At Grand Circus, we work hard to build relationships with employers like Rocket Companies. This includes established companies like Quicken Loans, Rocket Mortgage, and Amrock, and a variety of startups. Over the years, many Grand Circus bootcamp graduates have gone on to work for Rocket Companies.
In February, we met up with Dan Ngoyi, Sadie McCourt, and Jennifer Horne from Rocket Companies to learn what they look for when hiring junior developers and hear about their outlook for hiring in 2021 and beyond.
There’s been a lot of economic turmoil over the last year. What is hiring like at Rocket Companies?
Sadie: Right now, we probably hire 20 engineers every month. Hiring engineers has been our main focus for years now. On a consistent basis, we want to double [development hires]. Given the new virtual environment, tech is the core of everything that we’re doing to keep this business running. Engineers are needed to maintain and build the network and infrastructure that we’re on. And to protect us: cybersecurity engineers are also needed to protect the environment we’re working in.
Dan: If we could hire 150 engineers a month, we would, without a doubt. There’s an unlimited need.
What programming languages do you want to see on a junior developer’s resume?
Sadie: We are always looking for C# and .NET Core engineers. That is literally, exactly what we look for. It definitely differs depending on the team, too. Some teams want someone with some mobile experience. And we want people who are super passionate about learning new things, like Angular.
Beyond coding skills, what do you look for in new junior hires?
Sadie: On the soft skills side, we want someone that’s willing to be a team player, that can communicate well with others. We don’t want someone who is just going to put their headphones on and code all day. In this bigger organization and environment, we’re looking for people to share best practices, to test others’ code in a code pairing environment, to collaborate.
How does Rocket Companies support the junior developers it hires?
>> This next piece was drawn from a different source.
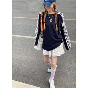 レースストライプリボン長袖Tシャツレディース夏韓国風カジュアルルーズミドル丈デザイントップ

Sadie: We’re hiring at all levels: junior, senior, and mid-level engineers. Four years ago, would I say we were super open to junior folks? No. I don’t think we had the structure in place to bring junior engineers in. Now we’re in a place where we can set them up for success. Our technology team is much bigger. We’re able to take those associate-level engineers, set them up with mentors, and train them up.
How is Rocket Companies promoting diversity and inclusion?
Jennifer: At Rocket Companies, we’re definitely weaving DEI (diversity, equity, and inclusion) into our DNA. It’s part of every aspect of what we do. I know on the talent brand side, we’re really focused on that.
Sadie: Unfortunately, there is a bias no matter who you are. There are some tools we’re building internally to remove bias from the hiring process. These tools support a fair, non-biased process by anonymizing applications.
Dan: Broadly, from a DEI perspective, we’re looking at how we use candidate data to inform our decisions. We are going to the places where the talent is, specifically Grand Circus. We’re also doing training internally. Every single leader in our organization is going through interview training. Biases are real. We’re giving our [managers] the skills they need to mitigate that bias.
Is there anything else you want to share with folks considering a career in tech?
Dan: I appreciate Grand Circus not just as the purveyors of talent, but also as partners working through how we think about the tech industry in Michigan. I would encourage everybody, their mother, their cousins, and their brothers to find out more about Grand Circus.